This week, we released the September edition of our CPYU Monthly Parent Page. . . a subscription-based resource that hundreds of youth workers and churches provide to their parents as a tool to equip them to parent better by understanding how the Gospel speaks to parenting in today’s rapidly changing youth culture. (A subscription costs a measly $5 a month for unlimited rights! You can subscribe here.)
In light of changes taking place in today’s youth culture that are contributing to a crisis in Christian parenting. . . a crisis that is doing anything but facilitating the Christian nurture of our kids. . . I penned the following challenge to parents that appears on page 1 of the 4-page September 2018 edition of our Monthly Parent Page. Parents, perhaps it will help you reboot how you will parent over the coming school year.
School days are upon us and if your family is like most, your kids are involved in all kinds of extra-curricular activities that keep you running from here, to there, to everywhere. If we’re not careful, the school year will come and go so fast that we might get to June and realize we’ve pushed aside or even forgotten that our primary calling as Christian parents is not to serve our kids, but to serve our Lord by making the spiritual nurture of our kids our first priority.
With that in mind, here are four reminders that I trust will help you daily fulfill that nurturing responsibility in ways that will yield spiritual growth in your children and teens.
First, keep the main thing the main thing. I’ve heard it said that a parent’s checkbook and calendar are clear indicators of their parenting priorities. Go ahead and conduct an informal audit of both. Then honestly assess what that audit tells you about what you are communicating to your kids about what is and should be most important in life. Are they learning that following Jesus is just one more activity in a long list of things? Or, are they learning that following Jesus is the over-arching quest in life that should dictate everything else, including how we spend our time and money?

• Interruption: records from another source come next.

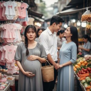 Gần sinh, vợ một mình đi sắm đồ cho con, nào ngờ lại thấy chồng đưa b//ồ đi chợ
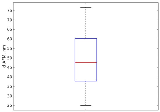 A total number of 29 profiles was carefully extracted from the sample and the height of each profile was assessed as described in Section 2.3.1. The average height (and hence the average AFM diameter) was 49 nm and the standard deviation was 14 nm; therefore, we can conclude that the AFM diameter dAFM = 49 +/− 14 nm for AgNP-R2 sample. A boxplot of the diameter values is presented in Figure 8 and illustrates the distribution of the AFM diameter values. The same procedure was used for AgNP-R1 and for Ag-77.
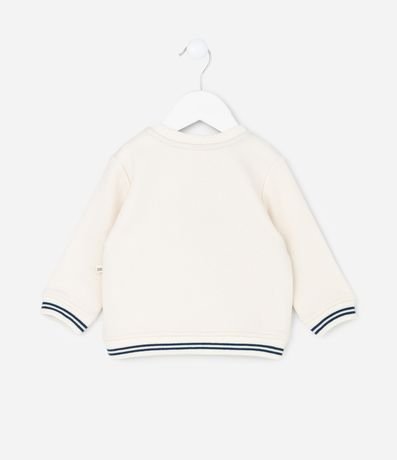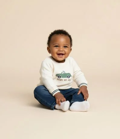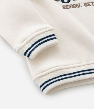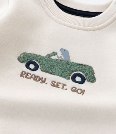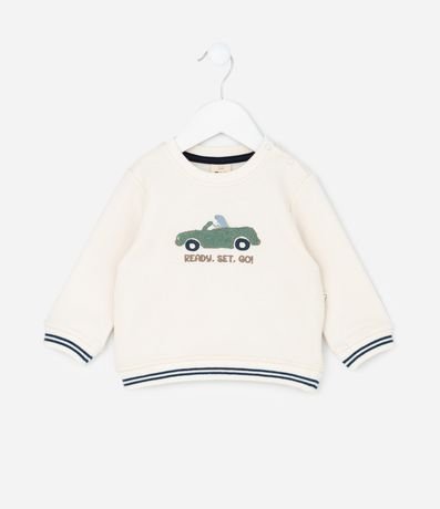 Casaco infantil confeccionado em moletom felpado com gola redonda e mangas longas. Possui abertura no ombro por botões de pressão, barrado e punhos com listras aplicadas e bordado localizado de carro em chenille, garantindo estrutura aconchegante para os dias frios.
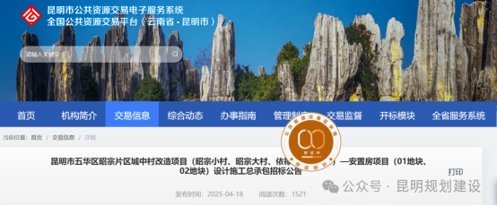 近日,昆明市公共资源交易平台发布“昆明市五华区昭宗片区城中村改造项目(昭宗小村、昭宗大村、依禄村、河底村)——安置房项目(01地块、02地块)设计施工总承包招标公告”,标志着该项目在推进过程中迈出实质性的一步。
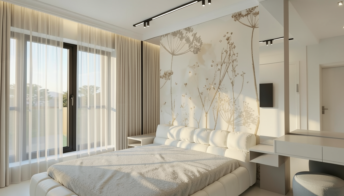 a ade cortinas blancas para cubrir un poco la puerta de la izquierda que da a una terraza elimina la cortina que est en la pared del frente pero manten las otras a ade luz perminetral en el techo por el exterior de la moldura
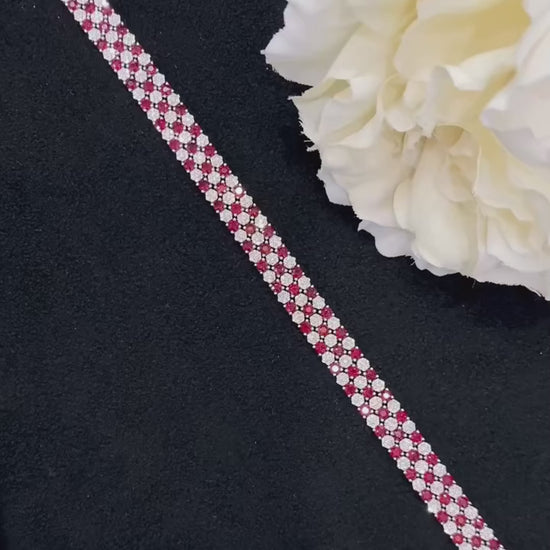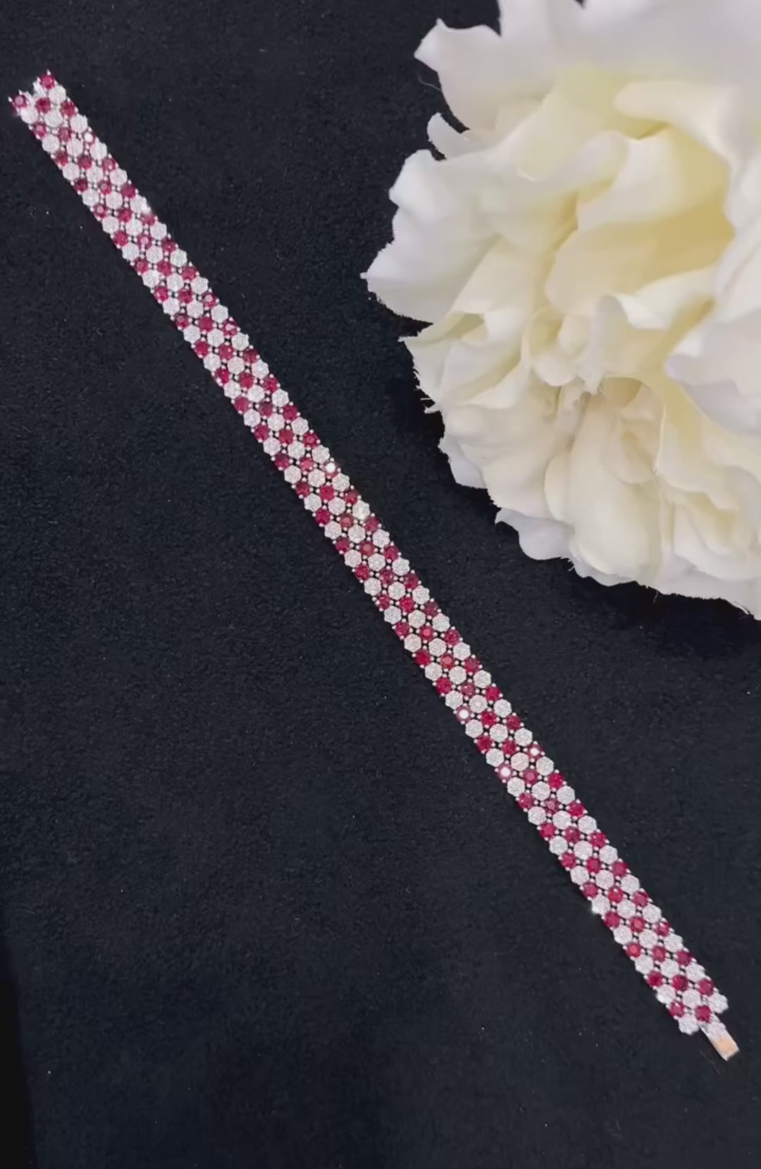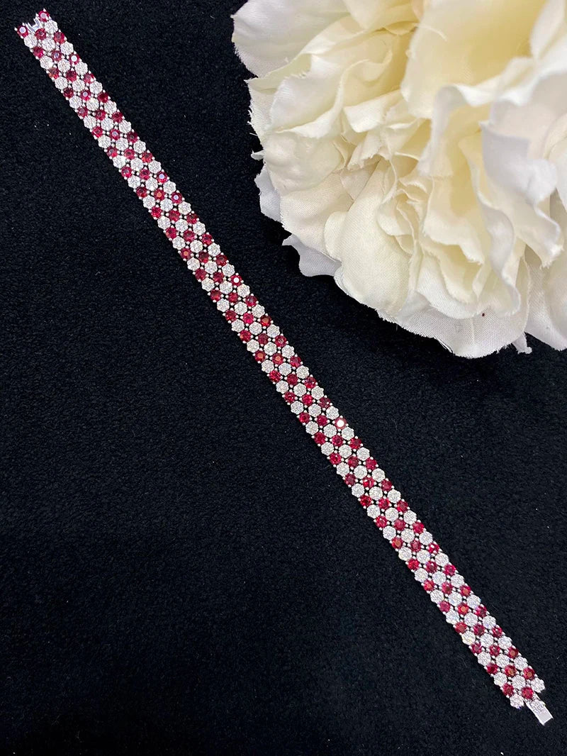Luxury Honeycomb 18K White Gold Natural Diamond & Ruby Bracelet

Second, engage in idol-smashing. We might not ever set up and worship a literal golden cow, but the reality is that in today’s culture, there are more idols than ever before that clamor for our attention and allegiance. Idolatry enters into our lives when we take a good and wonderful created thing that’s been given to us by God, and we turn it into an ultimate thing that becomes an object of our worship. James tells us that “every good and perfect gift is from above” (James 1:17). God has given us the goodness of created things not so they will become objects that we worship, but to point to our Creator (the giver of all good things) and spark our ongoing worship of Him. Whether it’s your children, your social standing, your online image, your kids’ grades and achievements, etc. . . “flee from idolatry” (I Corinthians 10:14).
Third, teach your kids to integrate their faith into all of life. God calls us to follow Him in every nook, cranny, and square inch of life. Paul Tripp writes, “If you’re God’s child, the gospel isn’t an aspect of your life, it is your life; that is, it is the window through which you look at everything.” Tripp challenges us to see the Gospel not only as an entry point (coming to faith) and an exit point (going to heaven), but as something for the here and now that should shape our identity, pursuits, and struggles. Are you teaching your kids how to integrate their faith into their academics, vocation, relationships, play, and everything else in life?
Finally, force. . . yes force. . . your kids to rest. Research points to the many ways in which over-scheduling and the pressures of life are leading kids into a constant state of anxiety and stress. Perhaps a long-overdue counter-cultural approach that’s obedient to the Lord’s commands is what’s needed. God made us for a rhythm of work and rest. Our bodies, minds, and spirits need to shut down regularly. Your kids need nine hours of uninterrupted sleep each and every night. We need a weekly Sabbath rest. And family vacations and time off are needed for rest and replenishment.
As the school year begins, why not seize it as a fresh start for your parenting priorities and practices?